> Data for this exercise
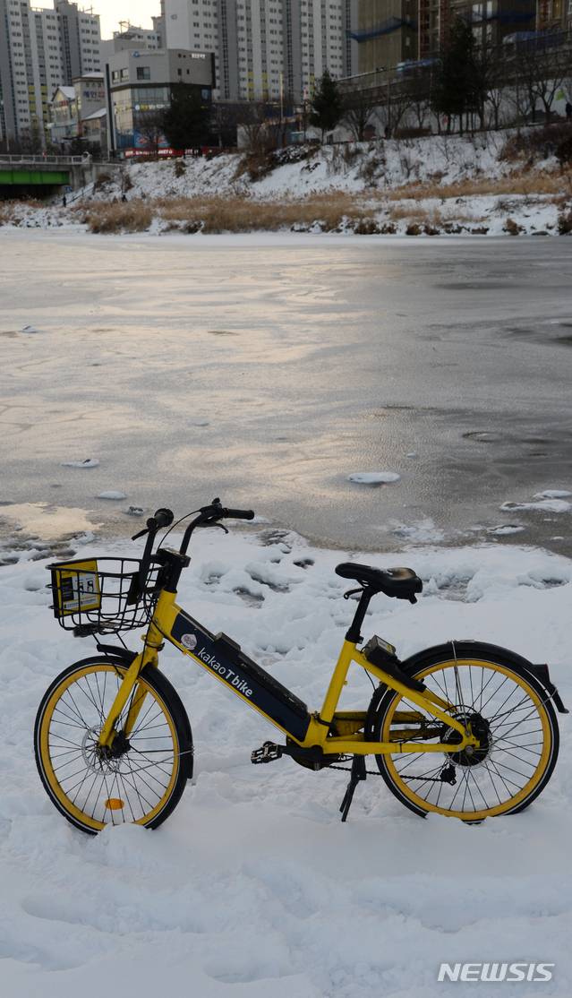 [전주=뉴시스] 김얼 기자 = 폭설과 더불어 영하권의 날씨가 이어지고 있는 7일 전북 전주시 완산구 삼천천이 얼어붙어 생긴 빙판에 공공자전거가 세워져 있다. 2021.01.07.
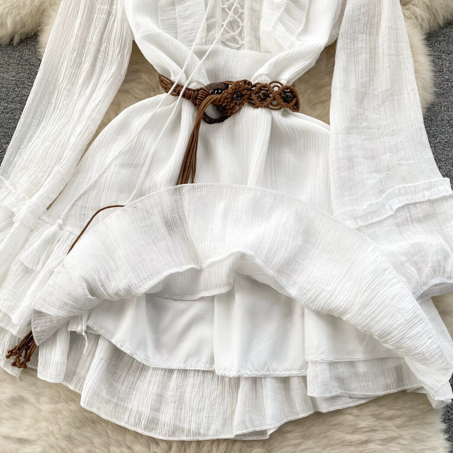 2024 春の新リゾートスタイル甘い菌ストラップスリムショートフリルドレス女性 大人ガーリー スウィート キュート カジュアル スプリング 春物 lyxaj17635627914
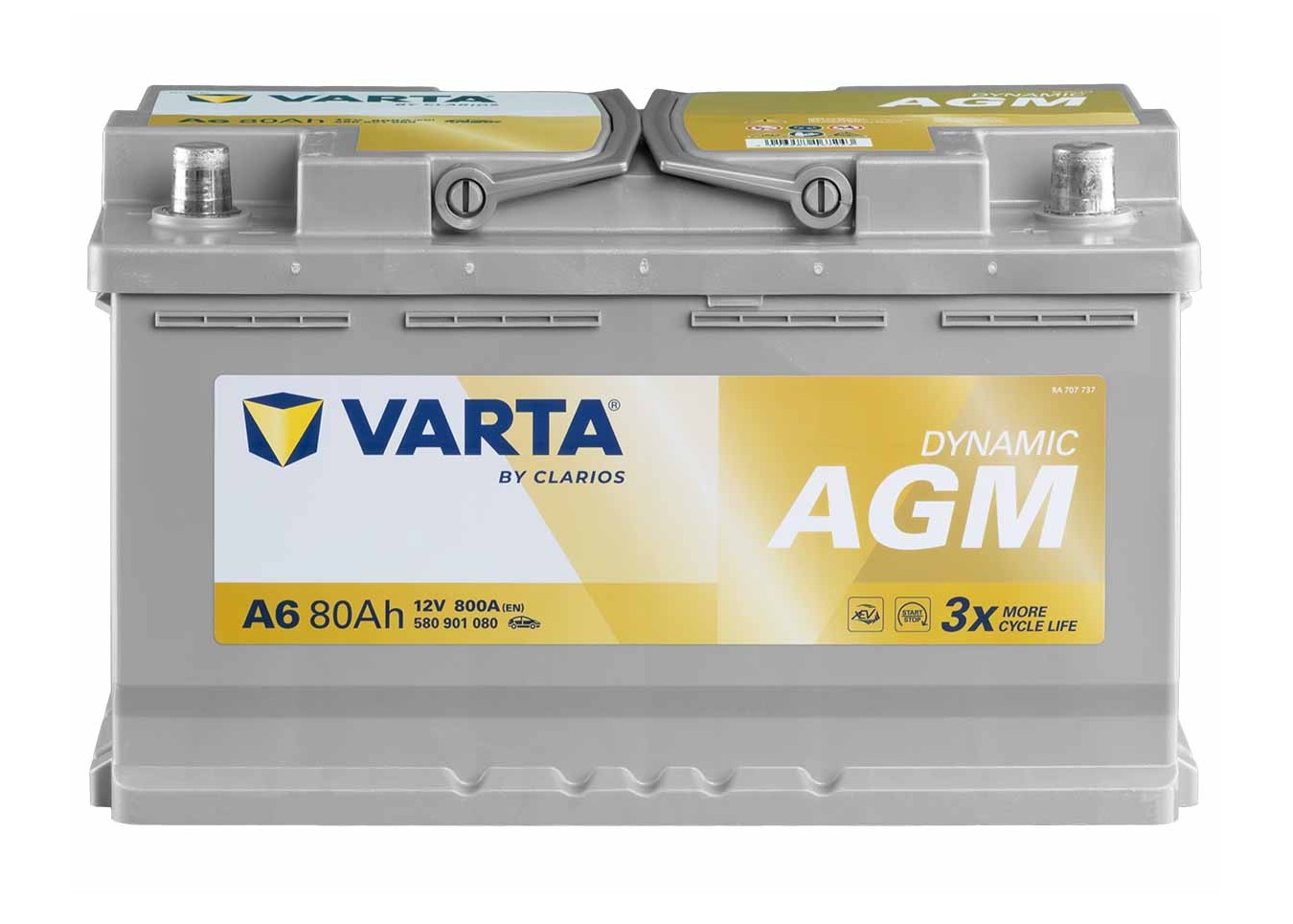 VARTA A6 80Ah 800A 12V Silver (EN) xEV AGM 315x175x190 -+ B13 Start-Stop Plus Akumulators
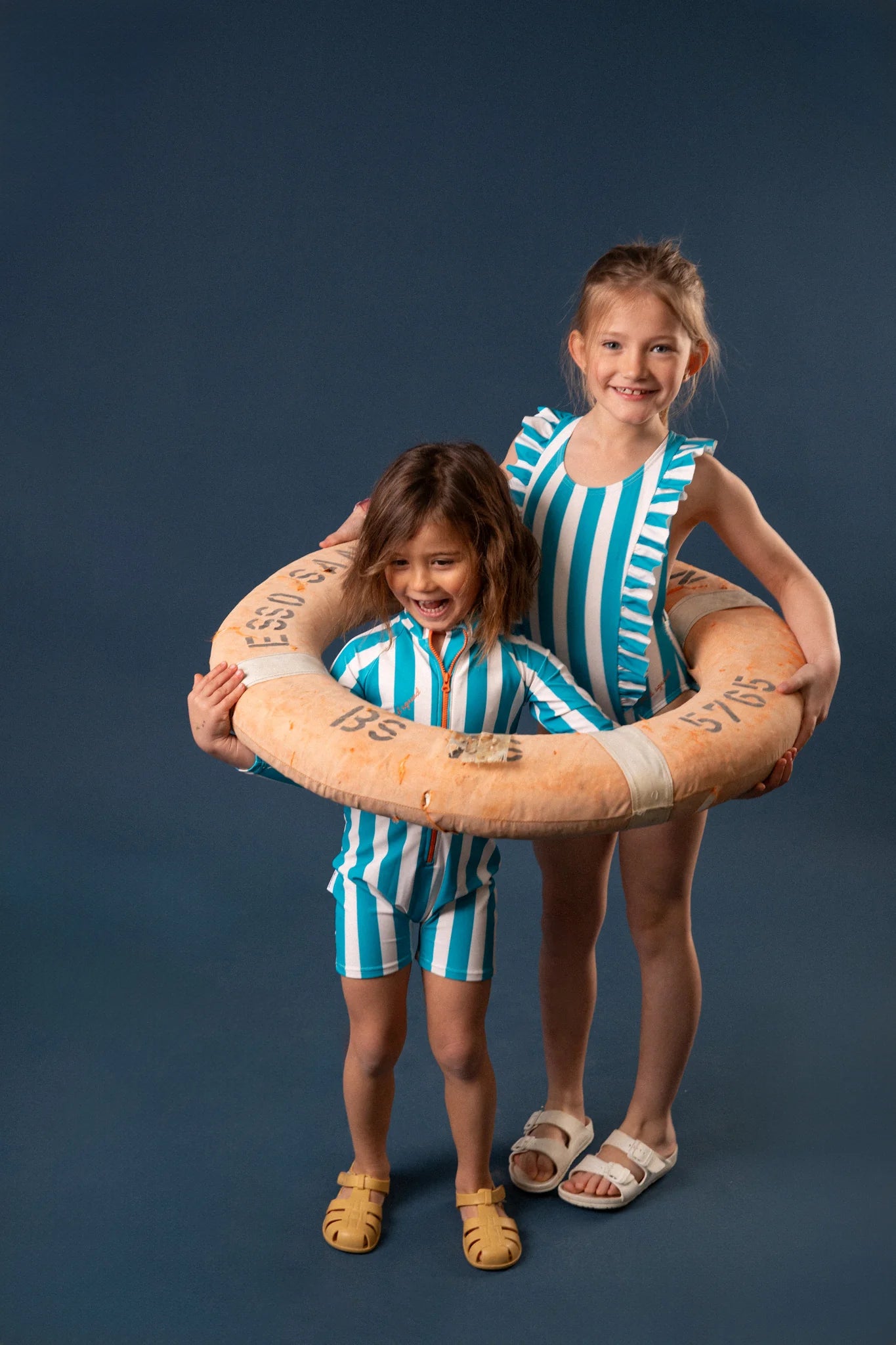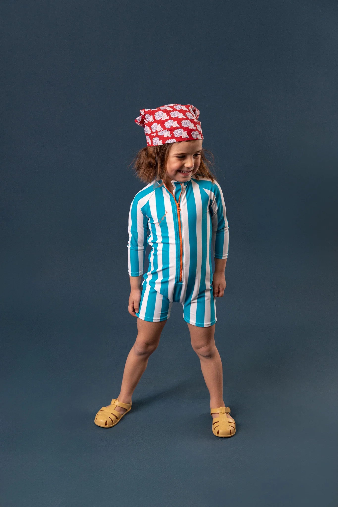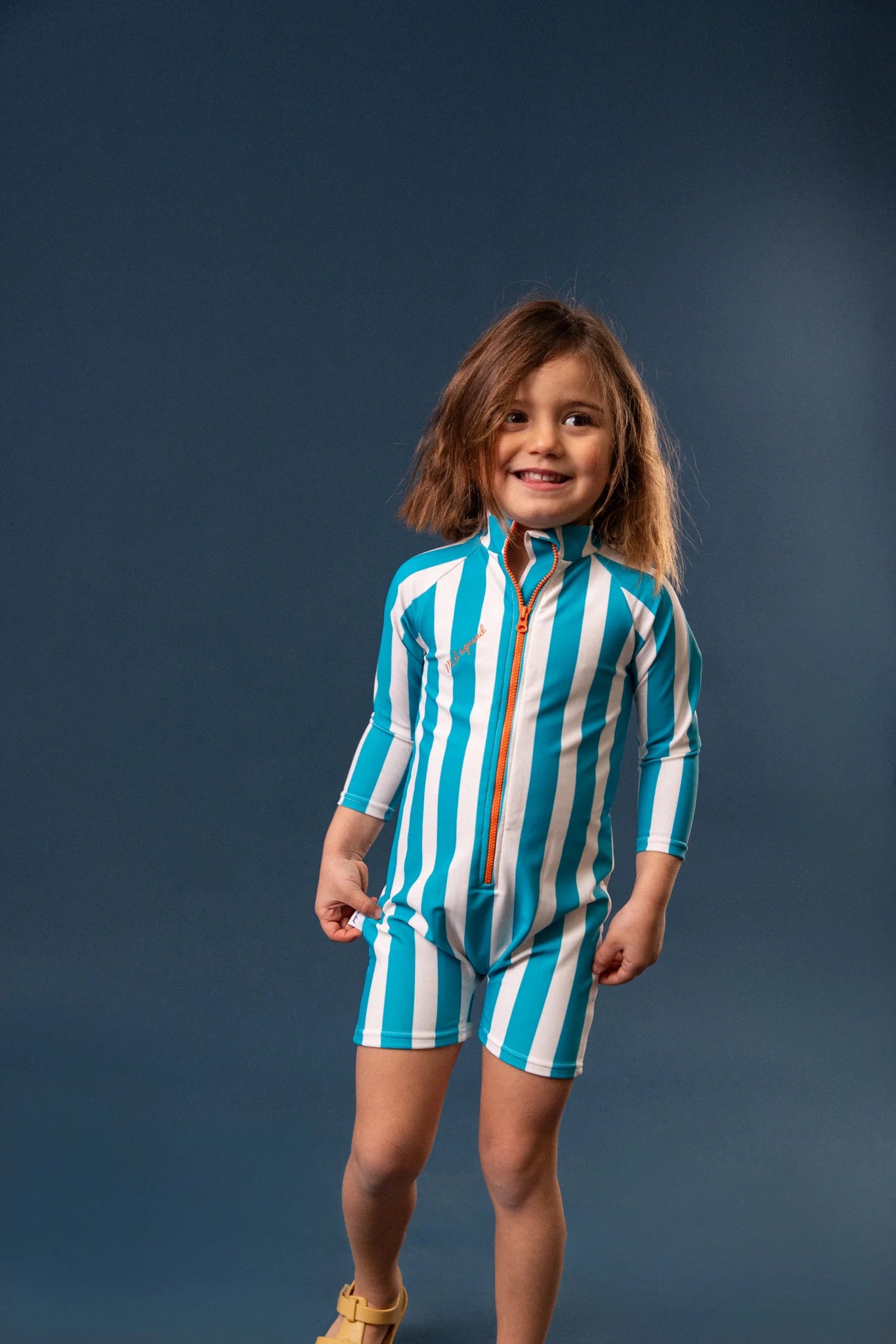 Traje de baño unisex entero con manga larga y short, confeccionado con protección solar UPF+50 y completamente forrado por dentro para mayor comodidad.
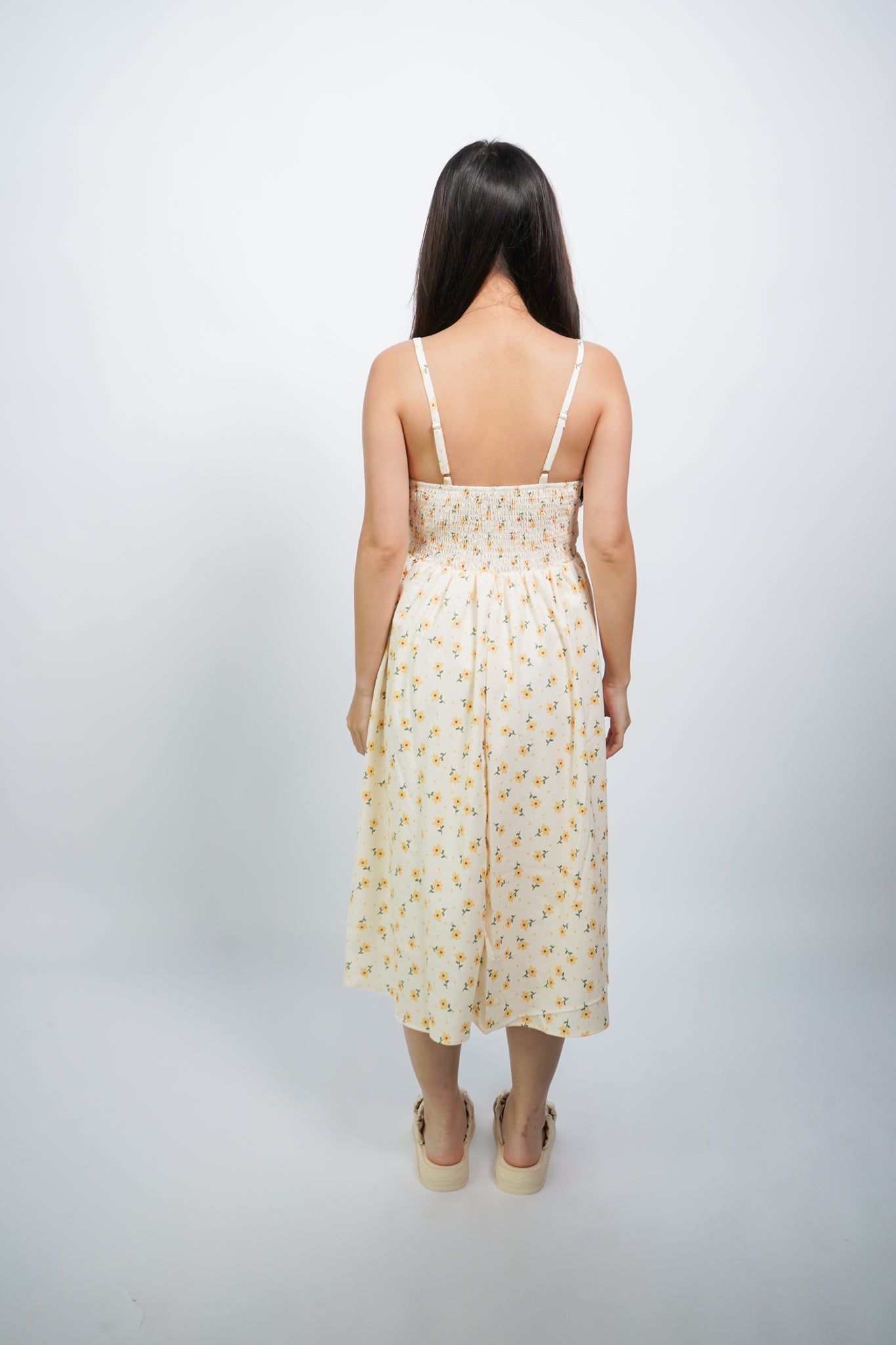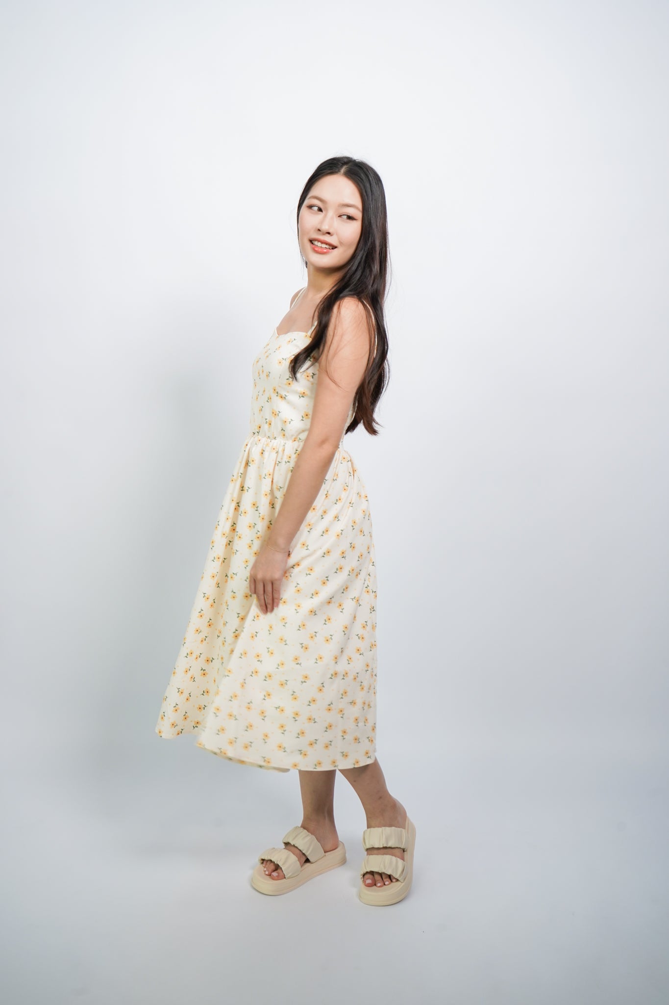 Walk on sunshine in this radiant floral sleeveless dress which features an unique rounded sweetheart neckline. The cheery prints and colour of this midi dress will drive the blues away. Suitable for outings, picnics and days when you wish to brighten yourself up.

> Task requirements
Reproduce, word for word, the lines from the one containing "2024 春の新リゾートスタイル甘い菌ストラップスリムショートフリルドレス女性 大人ガーリー" through the final line above. Leave every picture out.

> Finished task
 2024 春の新リゾートスタイル甘い菌ストラップスリムショートフリルドレス女性 大人ガーリー スウィート キュート カジュアル スプリング 春物 lyxaj17635627914
 VARTA A6 80Ah 800A 12V Silver (EN) xEV AGM 315x175x190 -+ B13 Start-Stop Plus Akumulators
 Traje de baño unisex entero con manga larga y short, confeccionado con protección solar UPF+50 y completamente forrado por dentro para mayor comodidad.
 Walk on sunshine in this radiant floral sleeveless dress which features an unique rounded sweetheart neckline. The cheery prints and colour of this midi dress will drive the blues away. Suitable for outings, picnics and days when you wish to brighten yourself up.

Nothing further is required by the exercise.